The study, published online in Nature Biotechnology on Sunday, also compared the performance of three major exome enrichment platforms — from Agilent, Roche/NimbleGen, and Illumina — and found that they differ in content, how efficiently they capture their targets, and how many variants they detect.
Many research groups are currently using exome sequencing, which has become especially popular to study rare Mendelian diseases because it is more affordable than whole-genome sequencing and thus allows one to analyze more samples, said Mike Snyder, director of the Center for Genomics and Personalized Medicine at Stanford University and the senior author of the study. "Most people are working with a fixed budget; they are trying to get as many samples [done] as they can for their project."
However, no independent systematic comparison of the three main exome enrichment technologies — Agilent's SureSelect Human All Exon 50Mb, Roche/NimbleGen's SeqCap EZ Exome Library 2.0, and Illumina's TruSeq Exome Enrichment — had been published, so "we felt we needed to evaluate these in order to be able to make informed decisions about which ones to go forward with for [our] studies," Snyder said. "Given that all of this is incredibly expensive, it really makes sense to evaluate the performance of these platforms."
His team also decided to compare exome sequencing with a typical whole-genome sequencing experiment of the same sample, with somewhat surprising results.
Exome vs. WGS
For their comparison of whole-genome sequencing and exome sequencing, the Stanford researchers sequenced a blood sample from a healthy volunteer to 35x genome-wide coverage, generating about 1.2 billion 100-base paired-end reads on the Illumina HiSeq 2000.
For the same sample, they generated 50 million reads after enrichment with each of the exome technologies, resulting in 30x mean target coverage for TruSeq Exome, 60x for SureSelect, and 68x for Nimblegen.
They then called single-nucleotide variants from both the WGS and the exome data sets, using the same cut-offs and filters. For their analysis, they focused only on those regions targeted by the exome-enrichment platforms.
For each platform, they found between 650 and 4,600 SNVs that were detected in the WGS data but not in the exome data, but also between 2,600 and 3,100 SNVs that were only called from the exome data but not the WGS data.
WGS-specific SNVs often had no coverage at all in the exome data, suggesting that the enrichment of these regions failed.
Exome sequencing-specific variants, on the other hand, were usually present in the WGS reads, but not at sufficient read depth to be called with confidence. That was even true for the Illumina exome data, which only had 30x mean target coverage, similar to the 35x coverage of WGS.
"The advantage of exome sequencing is, you're just doing really deep sequencing on a portion of the genome … and therefore, you get better coverage of exomes than whole-genome sequencing does," Snyder said.

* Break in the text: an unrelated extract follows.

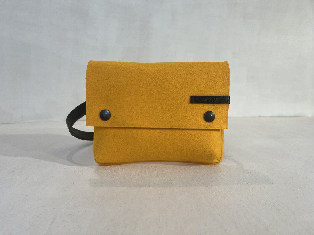 Praktická ledvinka z pevného filcu, kterou lze nosit pohodlně kolem pasu nebo přes rameno. Stylový doplněk, do kterého se vejde telefon, menší peněženka i drobnosti na cesty.

Interestingly, about 300 SNVs that were identified by all three of the exome sequencing platforms but not by WGS are associated with human diseases, suggesting that exome sequencing can pick up variants with clinical relevance that WGS alone would miss. The article did not say, though, how many WGS-specific variants are disease-associated and thus would not be found by exome sequencing alone.
"It was definitely surprising to me that the exome [sequencing] was finding information that the genome [sequencing] did not pick up," said Snyder. "Some of these are important regions — you can't just blow these off."
Given these results, it might make sense to do both WGS and exome sequencing "to make sure you are really covering your exome variants," he said. "If you can afford it, that's a good thing to do since you will get extra information from your exome that you would not have gotten from the genome."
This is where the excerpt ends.